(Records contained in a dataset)
============================================================

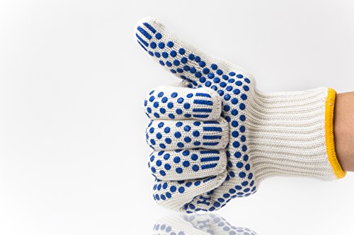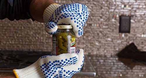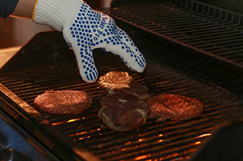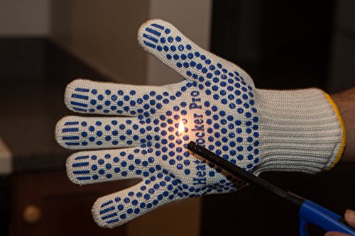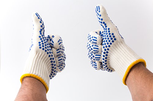 - Feature : *** LIFETIME GUARANTEE *** We Stand Behind Our Oven Gloves And You Can Buy With Confidence. Our Heat Resistant Gloves Are EN 407 and ISO Certified And Can Be Used As Your BBQ Gloves, Grill Gloves, Oven Mitts and Pot Holders. / PREMIUM QUALITY MATERIALS: The Outside Of These Heat Resistant Gloves is Made of Extremely Heat Resistant Aramid Fibers - Nomex. Better Heat Protection Than Kevlar. The Same Material Used in Fire Fighters' Vests. 100% Premium Quality Cotton Interior. No Polyester mix. Great As Oven Mitts And As Your Barbecue Gloves. / BONUS- Special 48 Page Mouth Watering Recipes e-book Bonus - Valued at $19.97 FREE For You(e-book download details inside the package). / AMBIDEXTROUS: Set of 2 & Fits Both Men and Women Snugly. No More Loose Threads. MACHINE WASHABLE. You Will Immediately Feel The Difference And Know These Offer More Flexibility Than Regular Oven Mitts And Potholders. Use All Five Digits While Using Gas Grills, Barbecue Grills, Ovens, Slick Crackpots, Changing Light Bulbs And Much More. / SUPERB GRIP: Cover About 3.6 inches Above Your Wrists Protecting Part Of Your Forearms. Oven Gloves Are Thick But Light And Studded With SILICONE DOTS On Both Sides For Added Heat Protection And Better Grip When Handling Hot Pans, Pots, Skillets And Fire place logs.
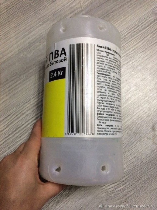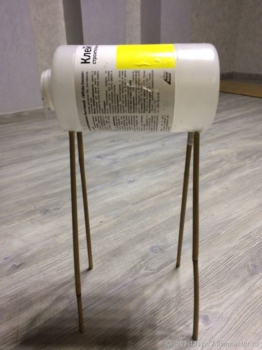 Берем бамбуковые палочки, отрезаем нужную нам длину, у меня они получились по 40 см. В банке из под клея ПВА делаем 4 отверстия и вставляем готовые ножки оленя, закрепляем с помощью горячего клея.
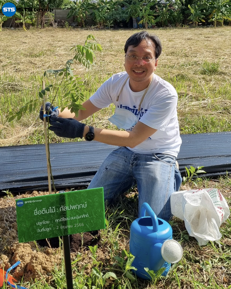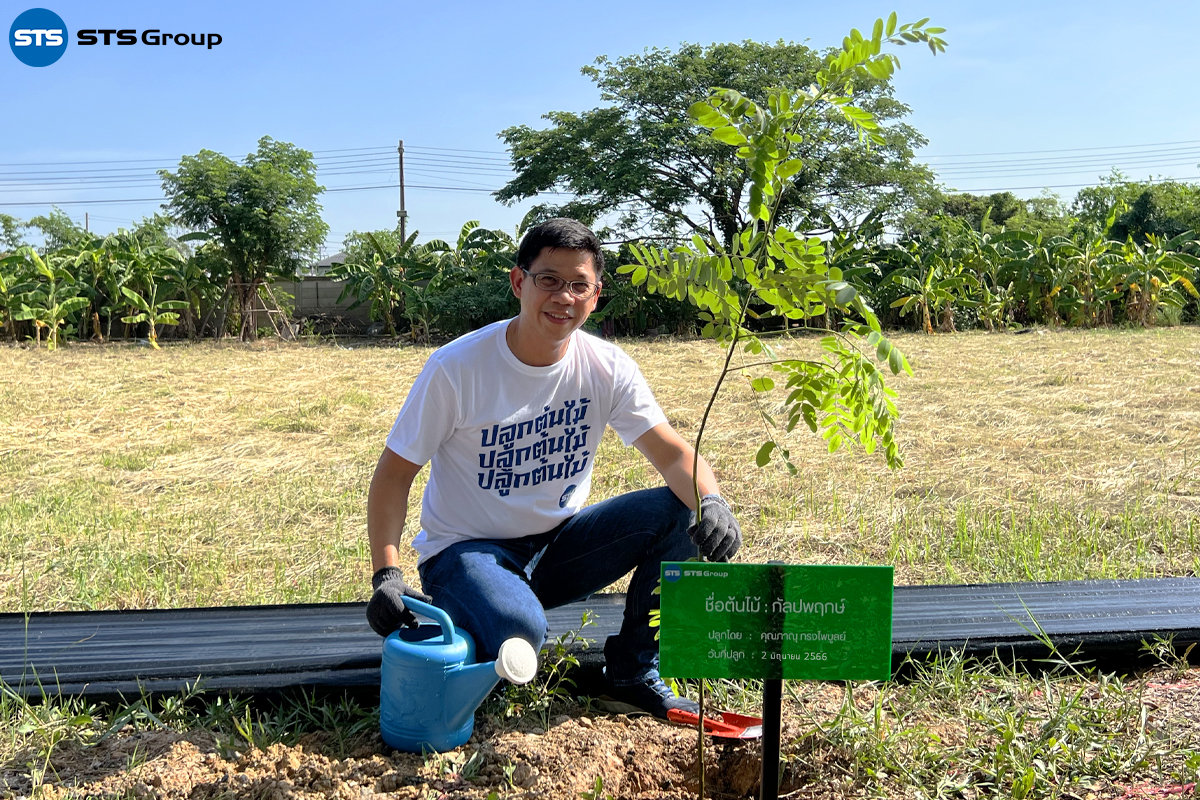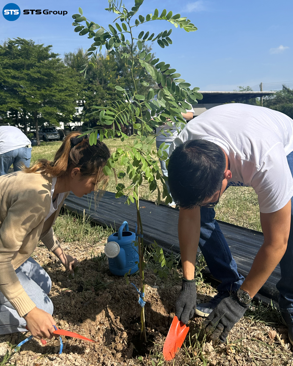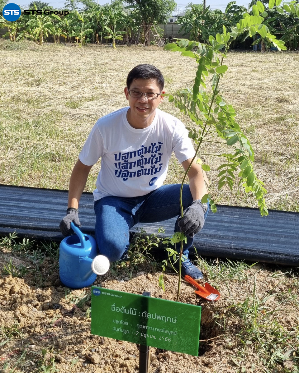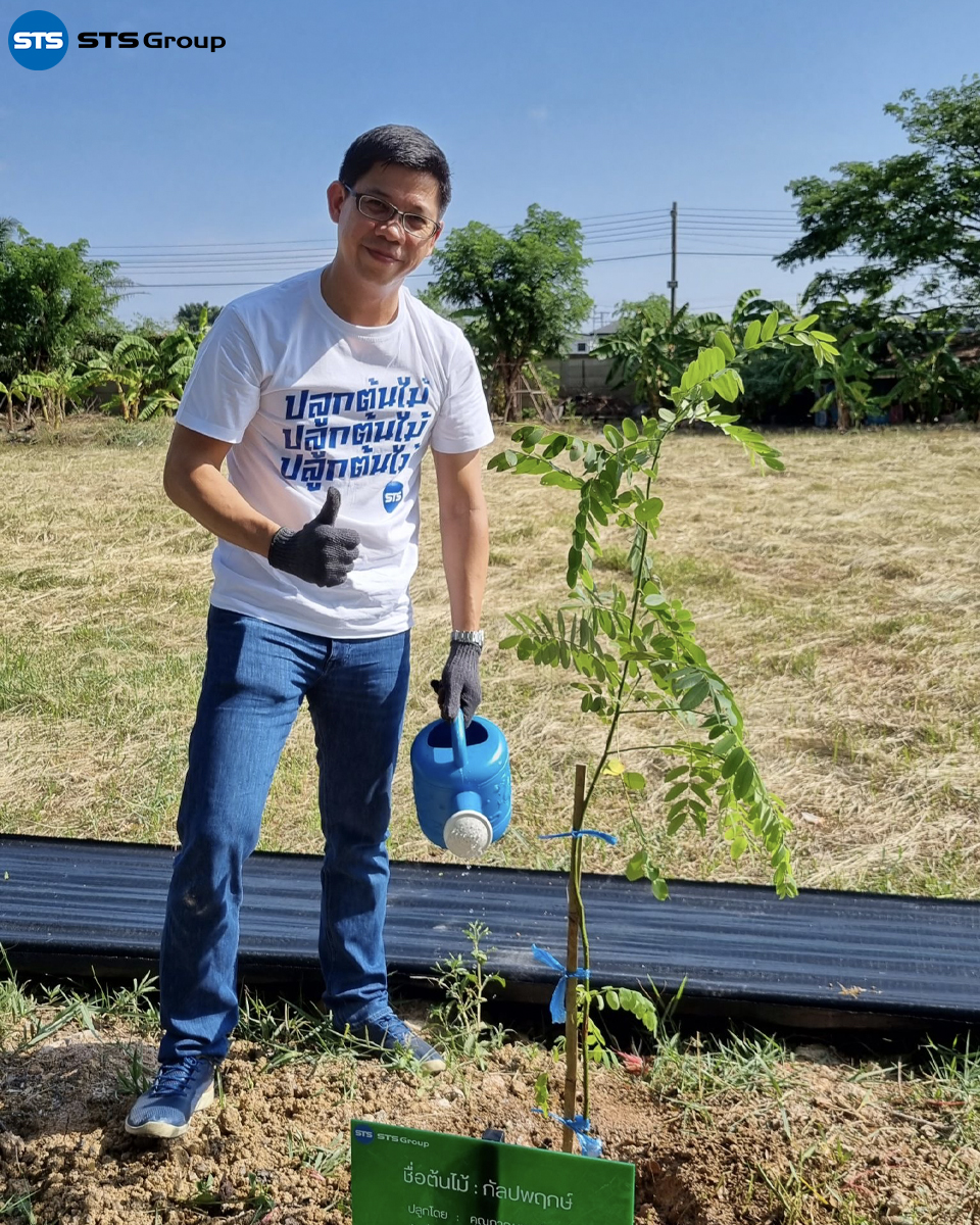 Mr. Parnu Songpaiboon, the Group CEO, presided over the tree-planting project opening ceremony. The event was attended by the management team, including Ms. Unnop Tiyanjam, Manager of STS Engineering Consultants Co., Ltd., and Mr. Suwat Buayam, Manager of STS Green, along with other representatives from the company.
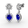 Lab safir, beyaz zirkon ve swarovski 14 ayar beyaz altın küpe
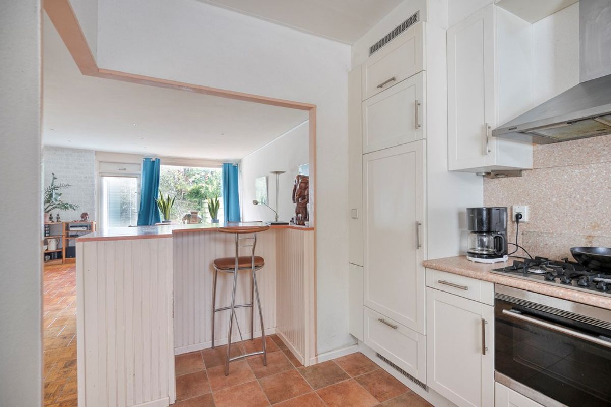 Aan de voorzijde ligt de open keuken. Deze is netjes en voorzien van diverse inbouwapparatuur, zoals een koelkast, 5-pits gaskookplaat, afzuigkap, magnetron met ovenfunctie. Niet meer helemaal van nu, maar functioneel en een mooie basis om te moderniseren naar je eigen smaak.
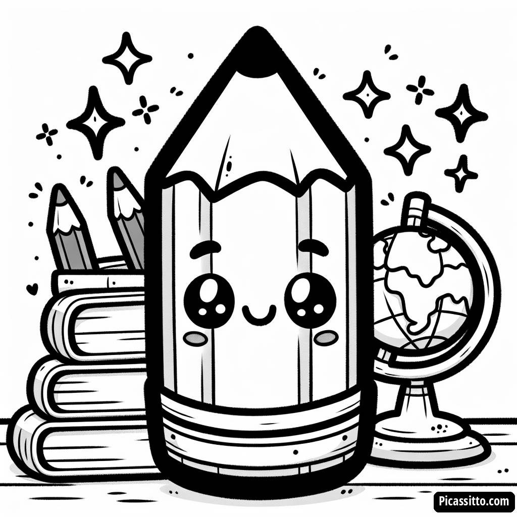 Descarga esta página para colorear de lápiz alegre, gratuita e imprimible, ¡perfecta para jóvenes artistas ansiosos por dar vida a sus útiles escolares!
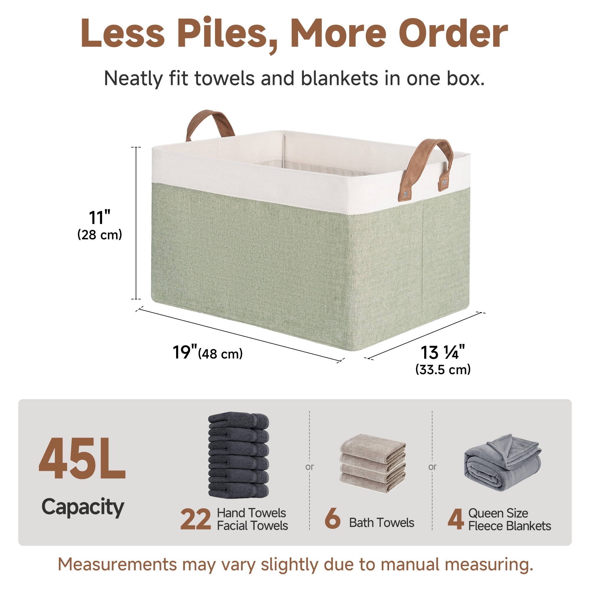 - Generous Capacity: Designed as large storage baskets for everyday organization and storage, they neatly hold clothes, towels, blankets, toys, and more.
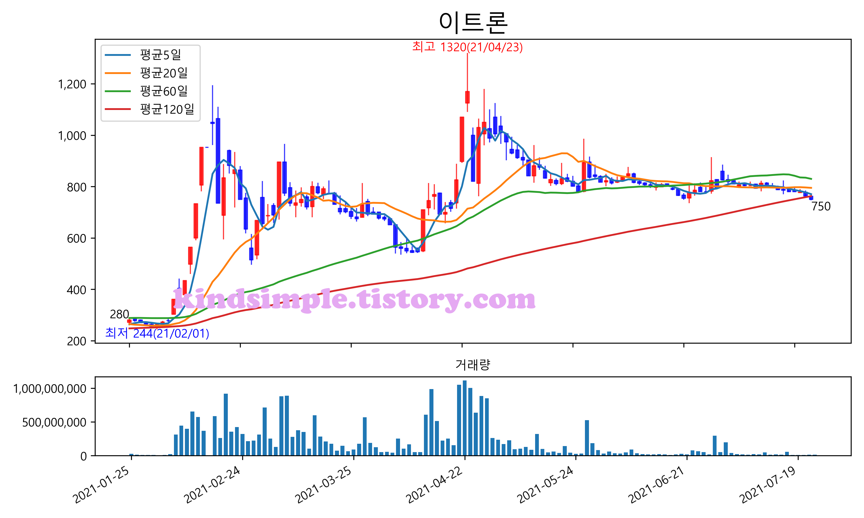 최근 6개월간 캔들차트 및 이동평균선입니다.
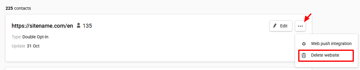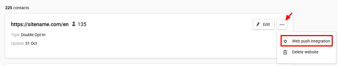 To return to the integration settings, for example, to change the website name, re-upload the installation file, or copy the generated code, click the website link or the three dots icon and select Web Push integration.
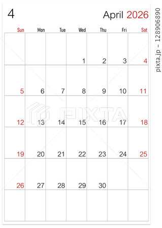 Calendar April 2026 flat style isolated on white background, Save clipping path.
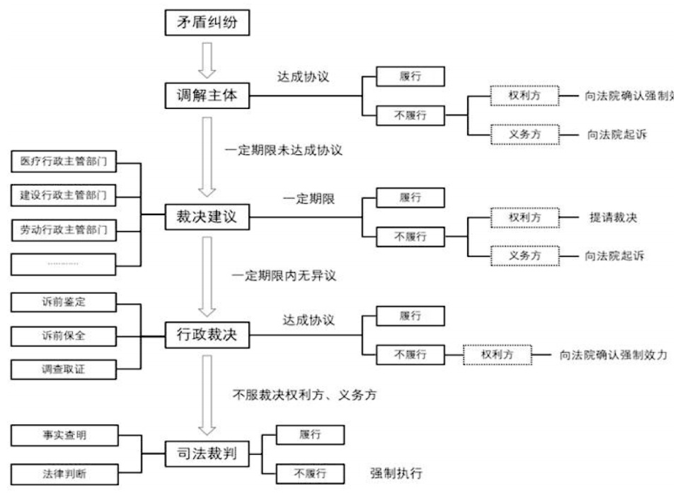 第二,“调”“裁”衔接。在调解过程中,调解主体发现纠纷不能调解或无法调解时,应当向相应的行政管理部门提请裁决建议,在诉前调解期限内,若双方当事人均未对裁决建议提出异议,行政管理部门可以依照裁决建议作出行政裁决,经当事人申请,人民法院可赋予其强制执行力。

============================================================

- ACTIVITY
Reproduce precisely the lines of the entries above, from the one containing "To return to" through the final one, both ends included, and omit the pictures.

- FINISHED EXERCISE
 To return to the integration settings, for example, to change the website name, re-upload the installation file, or copy the generated code, click the website link or the three dots icon and select Web Push integration.
 Calendar April 2026 flat style isolated on white background, Save clipping path.
 第二,“调”“裁”衔接。在调解过程中,调解主体发现纠纷不能调解或无法调解时,应当向相应的行政管理部门提请裁决建议,在诉前调解期限内,若双方当事人均未对裁决建议提出异议,行政管理部门可以依照裁决建议作出行政裁决,经当事人申请,人民法院可赋予其强制执行力。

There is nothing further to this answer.